We review Revolut, a digital bank that allows users to receive, send and spend money at the interbank exchange rate.
Revolut has finally launched its service in Australia. Up to 20,000 Australians — the first that joined the company’s long waiting list — now have access to an e-money account that provides free international money transfers, a multi-currency account and travel card.
Revolut is among the world’s hottest fintechs, having already secured 5 million customers in Europe and valuations near $2 billion.
The company has said that it will run its Australian operation from Melbourne but will also have presences in Sydney and Perth.
From Revolut’s multi-currency wallet, “Standard” account holders can send money to bank accounts around the world in 110 currencies at the interbank exchange rate — that’s an exchange rate without the usual markups — and without transaction fees, subject to a monthly transaction limit of AU$9,000.

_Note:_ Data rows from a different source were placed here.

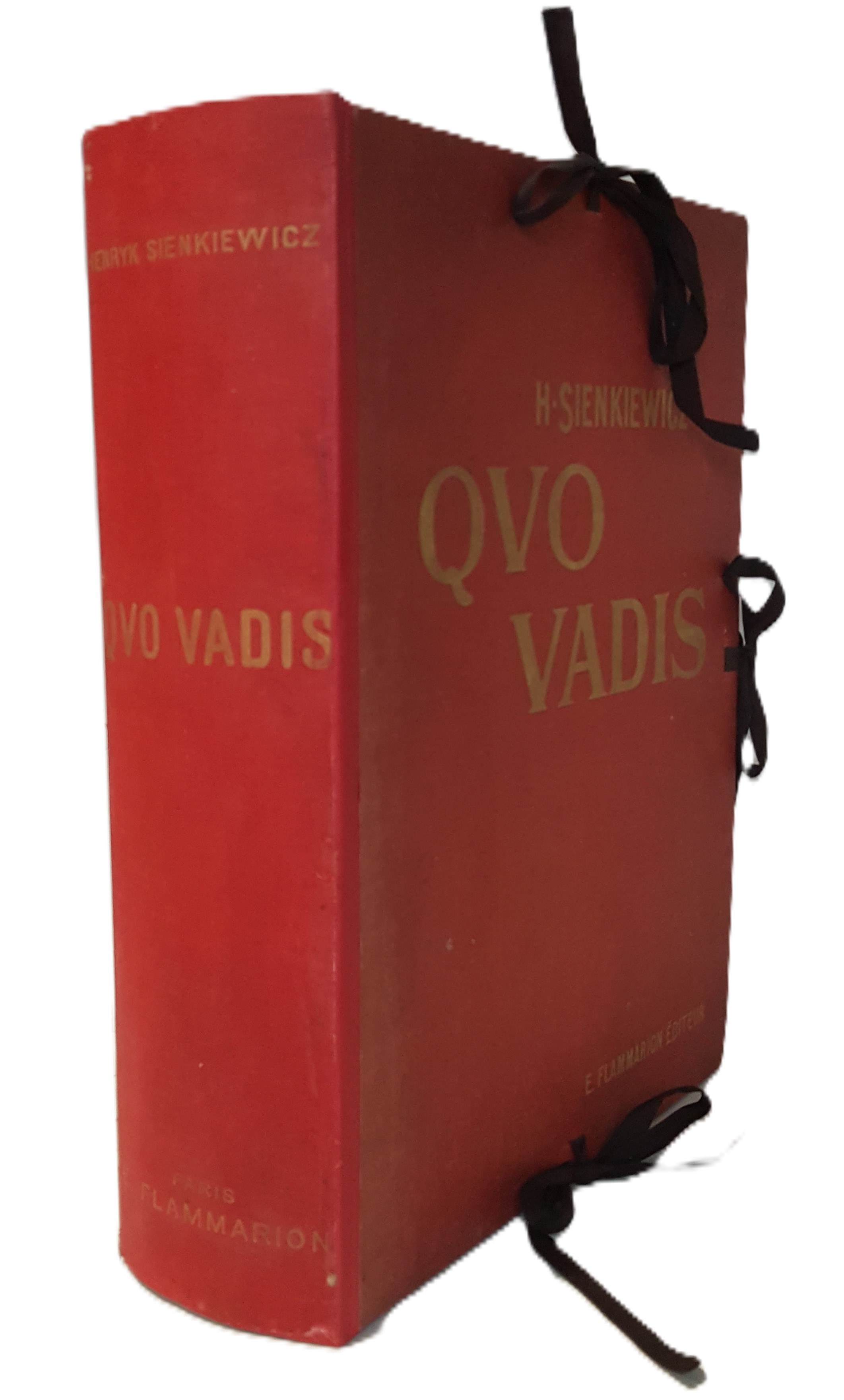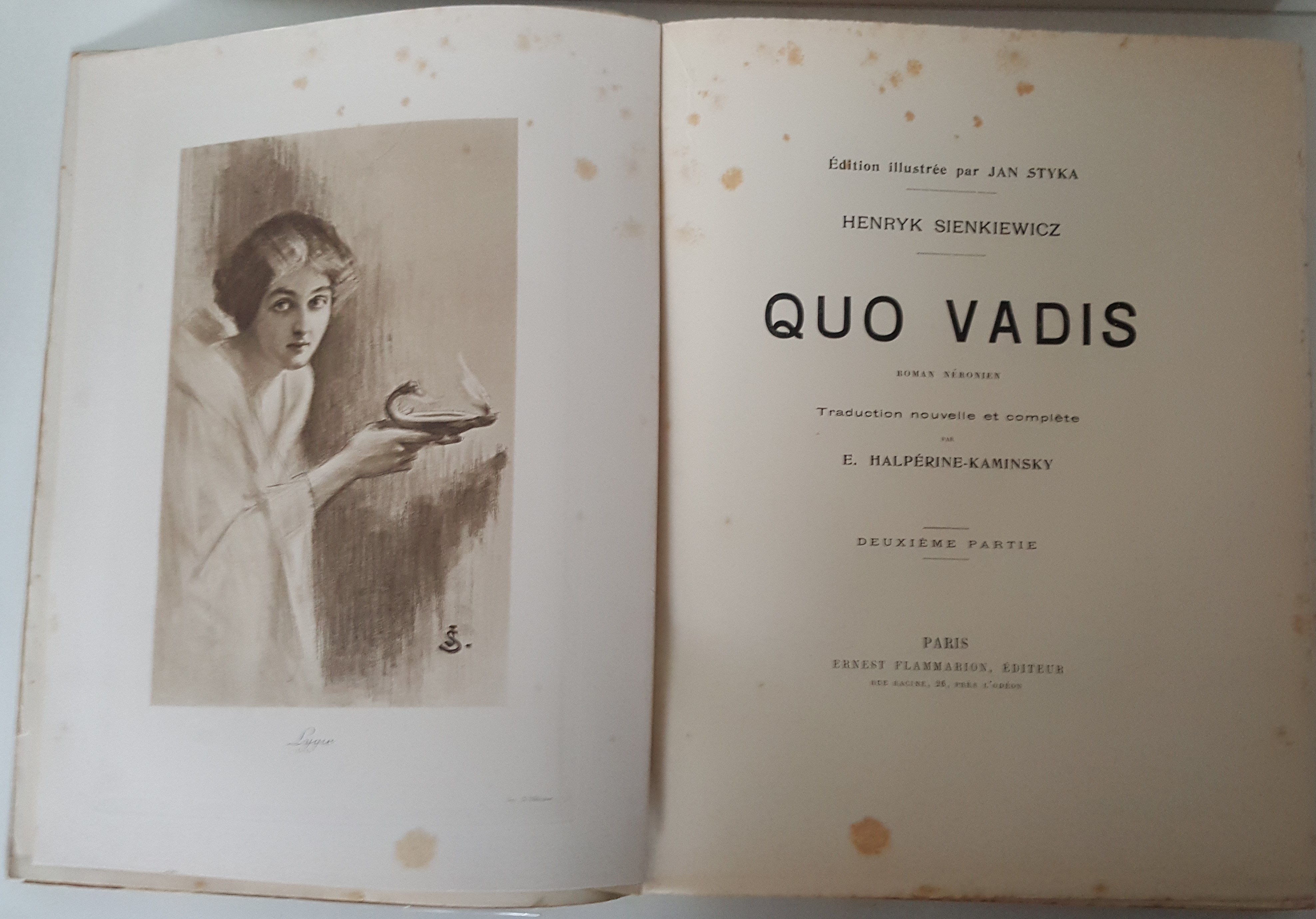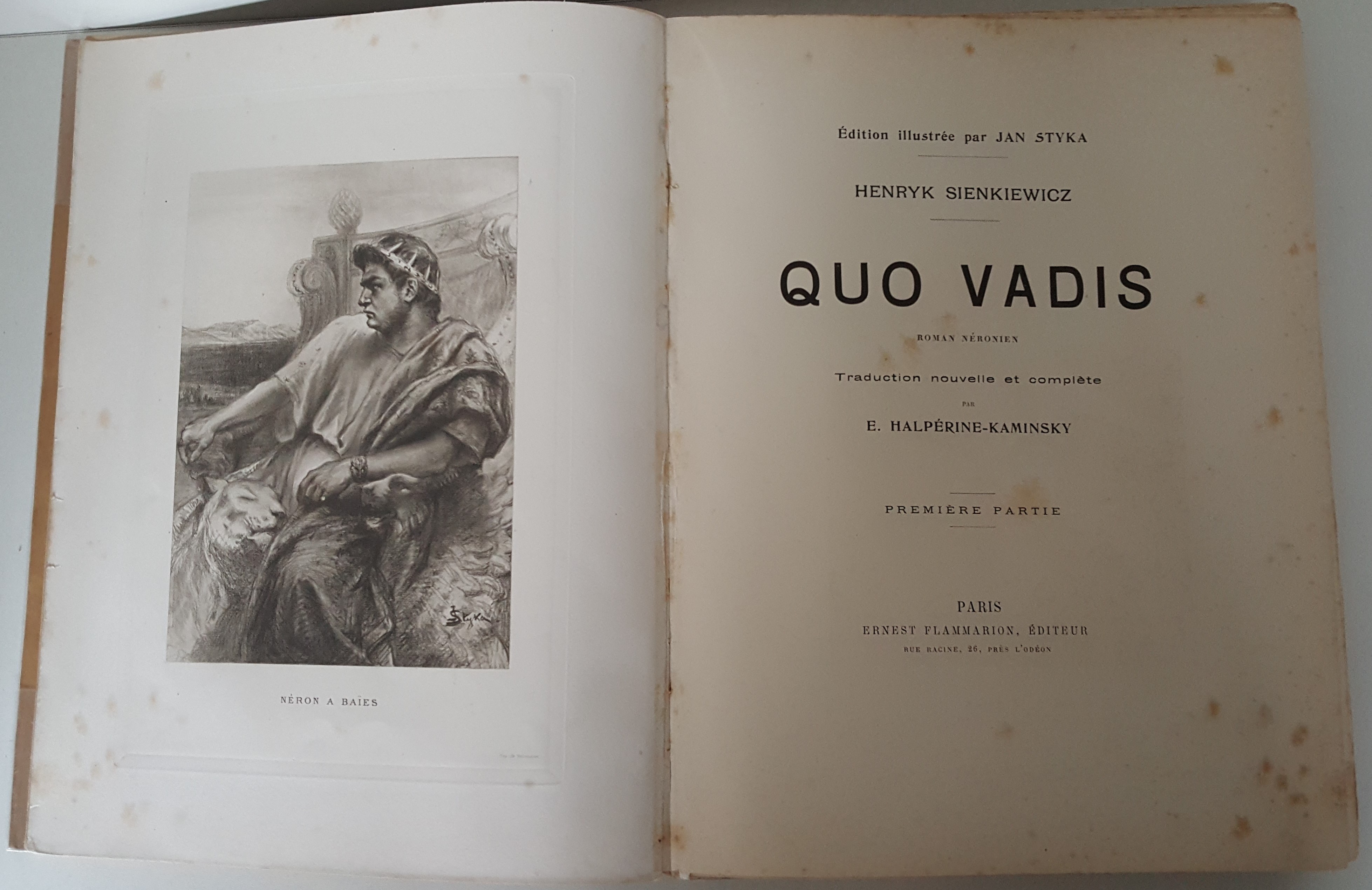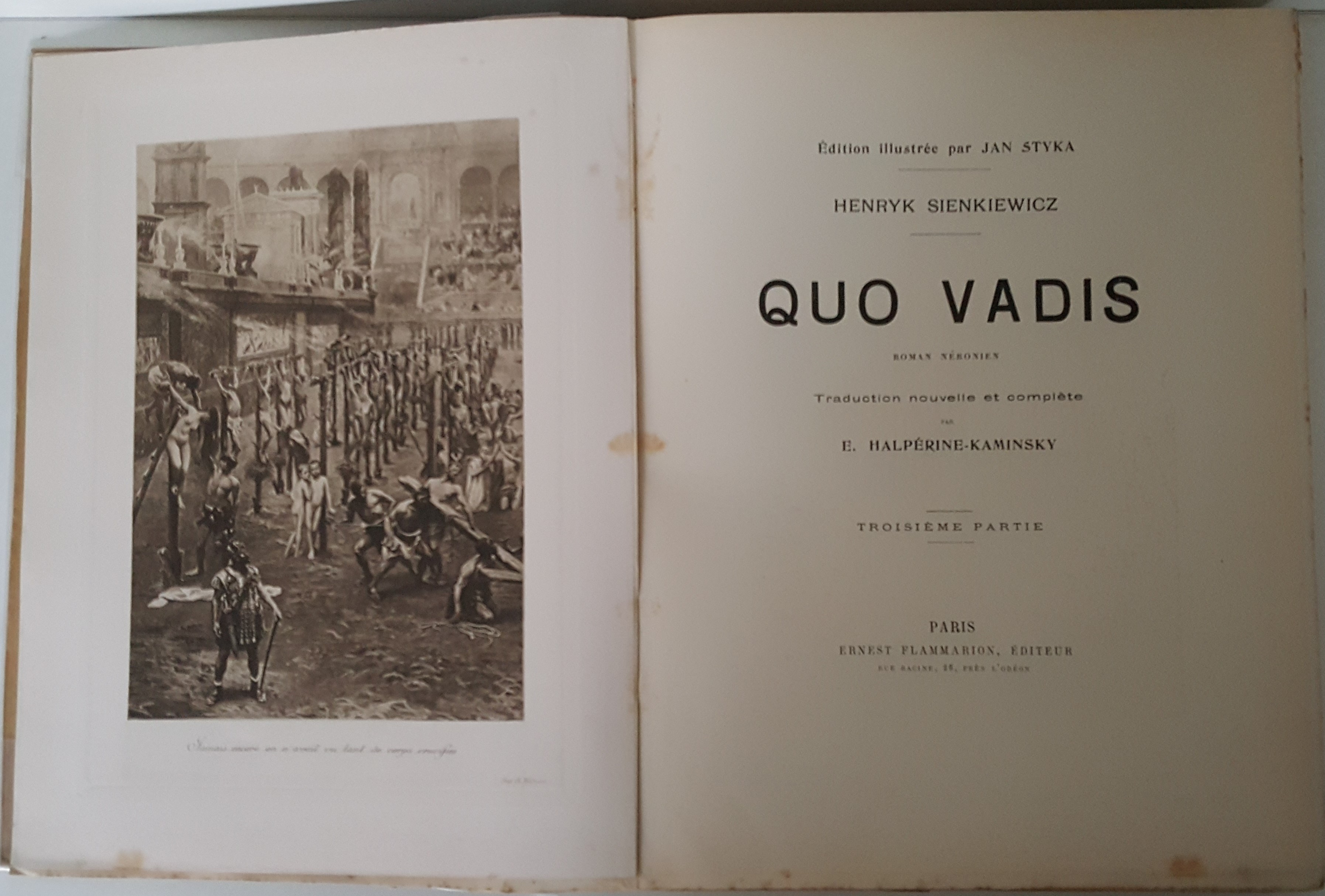Quo Vadis. Roman Néronien. Traduction nouvelle et complete par E. Halperine-Kaminsky. Édition illustrée par Jan Styka. Paris b. r. (ca. 1900). E. Flammarion, Éditeur. Ryciny na osobnych tablicach (w tym składane) oraz drzeworyty w tekście. Wymiary teki 35x30 cm, stron 291; 235; 326. Wydanie w zeszytach - całość w płóciennej tece po renowacji. Ślady użytkowania (przybrudzenia teki), foxing-odbarwienia papieru, nieliczne przybrudzenia.
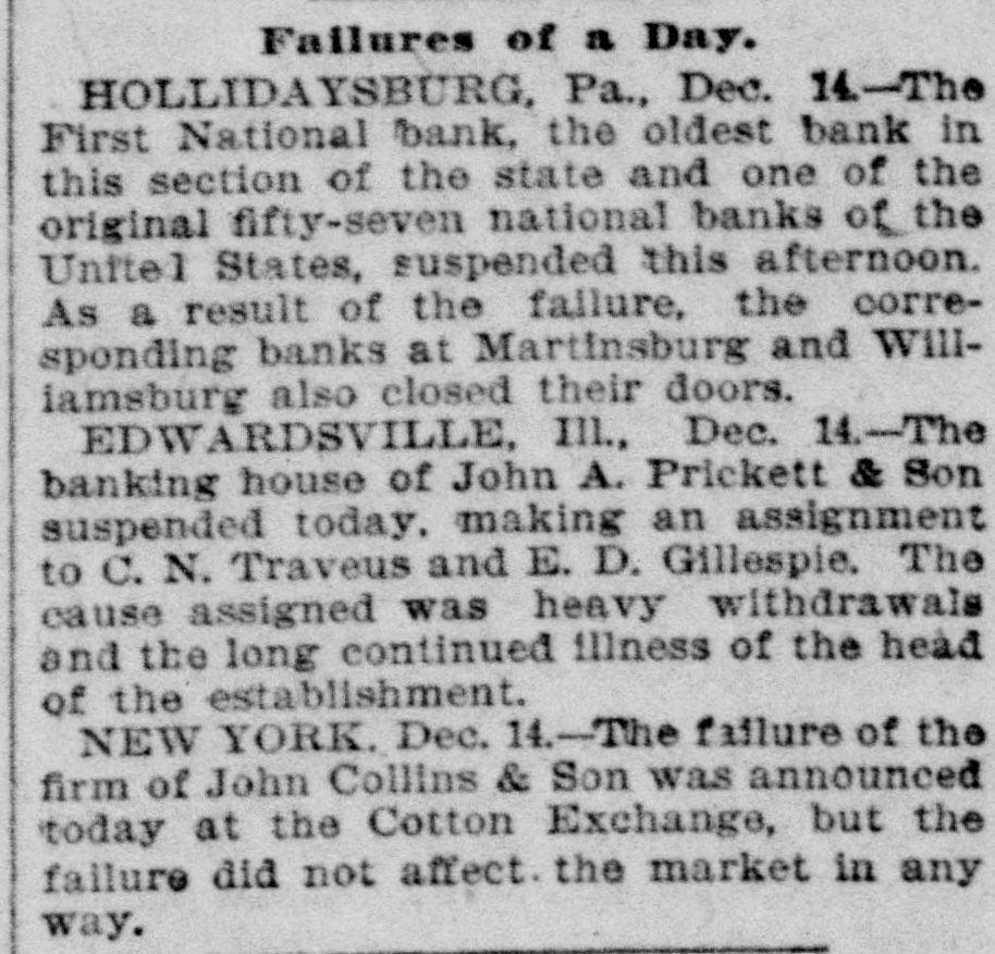 Failures of a Day. HOLLIDAYSBURG, Pa., Dec. 14-The First National bank, the oldest bank in this section of the state and one of the original fifty-seven national banks of the Unitel States, suspended this afternoon. As a result of the failure, the corresponding banks at Martinsburg and Williamsburg also closed their doors. EDWARDSVILLE, Ill., Dec. 14.-The banking house of John A. Prickett & Son suspended today. making an assignment to C. N. Traveus and E. D. Gillespie. The cause assigned was heavy withdrawals and the long continued illness of the head of the establishment. NEW YORK. Dec. 14.-The failure of the firm of John Collins & Son was announced today at the Cotton Exchange, but the failure did not affect. the market in any way.
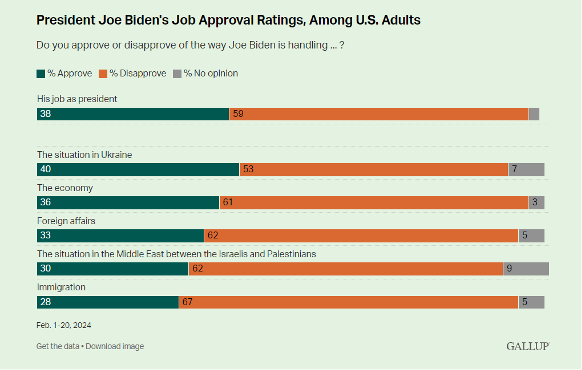 Darüber hinaus verzeichnet Biden niedrige Zustimmungswerte für die Behandlung von fünf Schlüsselfragen, mit denen die Vereinigten Staaten konfrontiert sind, darunter ein neuer Tiefstand von 28 % für die Einwanderung und Werte zwischen 30 % und 40 % für die Situation im Nahen Osten zwischen Israel und der Hamas, die Außenpolitik, die Wirtschaft und die Situation in der Ukraine.
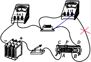 (2)由实物图知,电压表测量的是定值电阻和滑动变阻器串联后的总电压,实验要求电压表测量定值电阻两端电压.错误的导线和改正的连接方式如下图:
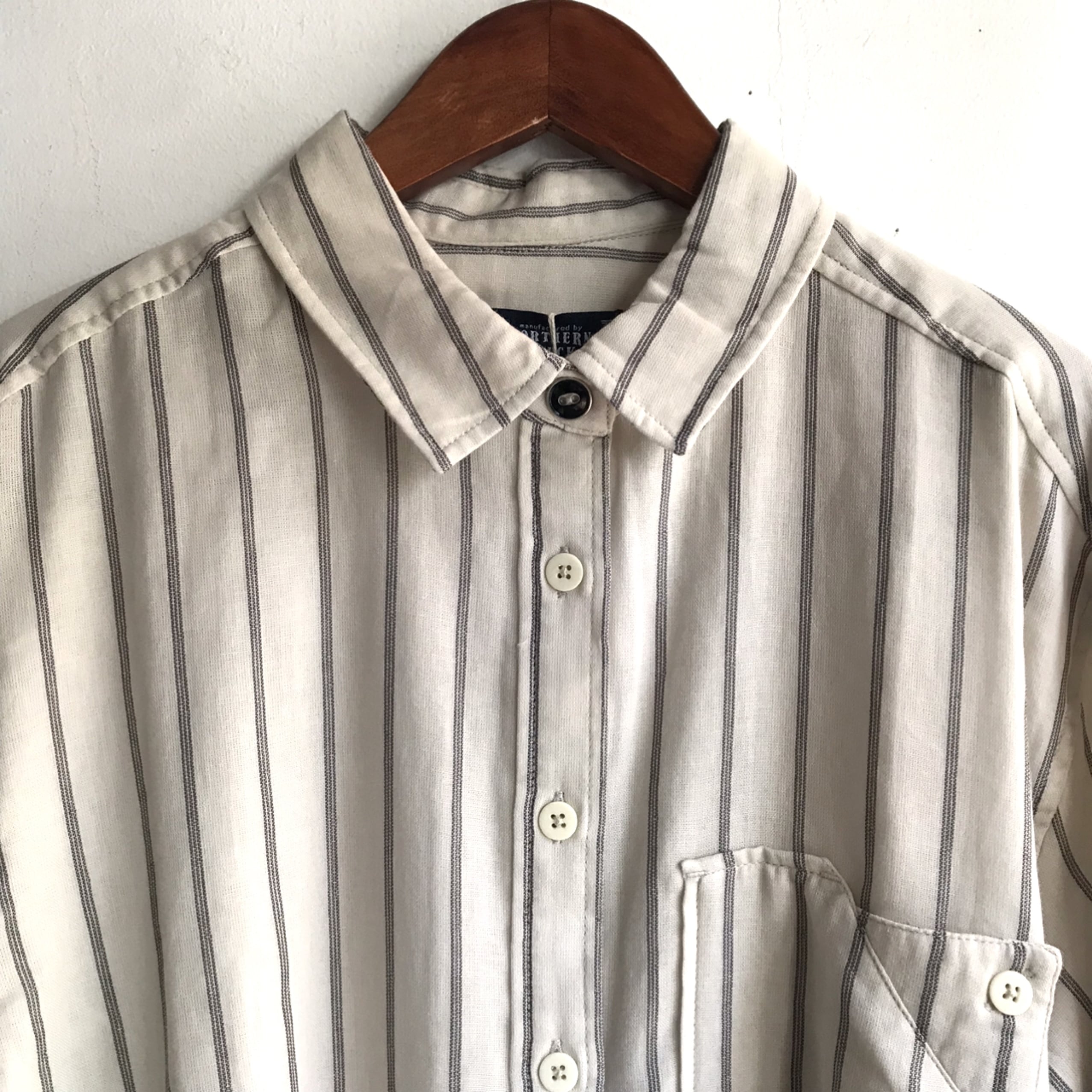 【 NORTHERN TRUCK 】綿100% ワークポケットストライプシャツ アイボリー Mサイズ NIMV5651【ノーザントラック】 | cocoa(ココア)ナチュラル服・靴下・ハンドメイド雑貨・アクセサリーの通販
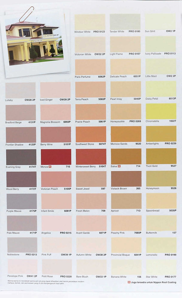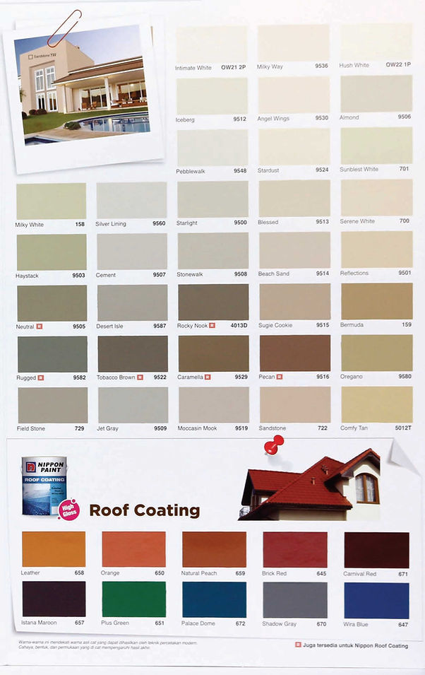Kami merekomendasikan untuk mengacu pada Kartu Warna kami yang tersedia di toko cat atau bahan bangunan terdekat.
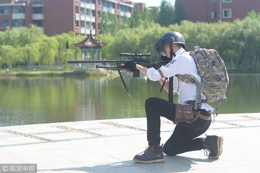 2018年5月19日,山東青島,山東科技大學(xué),大四學(xué)生拍“吃雞”畢業(yè)照紀(jì)念青春。圖為王新龍手拿AWM狙擊步槍模擬游戲中的動(dòng)作正在瞄準(zhǔn)。
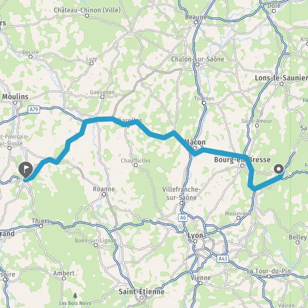 Continuer et rejoindre A89 E70. Continuer sur 55 kilomètres

For higher-value payments, Revolut offers a “Premium” account, costing AU$10.99 per month, for which no-fee international transfers are unlimited.
“Sending money between the UK, Europe and Australia has traditionally been costly and time consuming,” the man in charge of Revolut’s APAC expansion, Will Mahon-Heap, said in a statement. But no more, he implied, when he said that Revolut was “tearing down financial borders and will keep money in the pockets of our customers.”
From the Revolut app, users can make instant transfers to phone contacts, can target improved exchange rates using Auto Exchange and can receive card payments from non-Revolut users by way of payment links. Shopping internationally is also a breeze using Revolut’s multi-currency travel card which grants free overseas ATM withdrawals up to AU$350 per month (AU$700 for Premium accounts).
Perhaps the most disliked feature of Revolut is the customer support, which comes in the form of in-app text chat — Revolut offers no phone or email support, not even for business customers.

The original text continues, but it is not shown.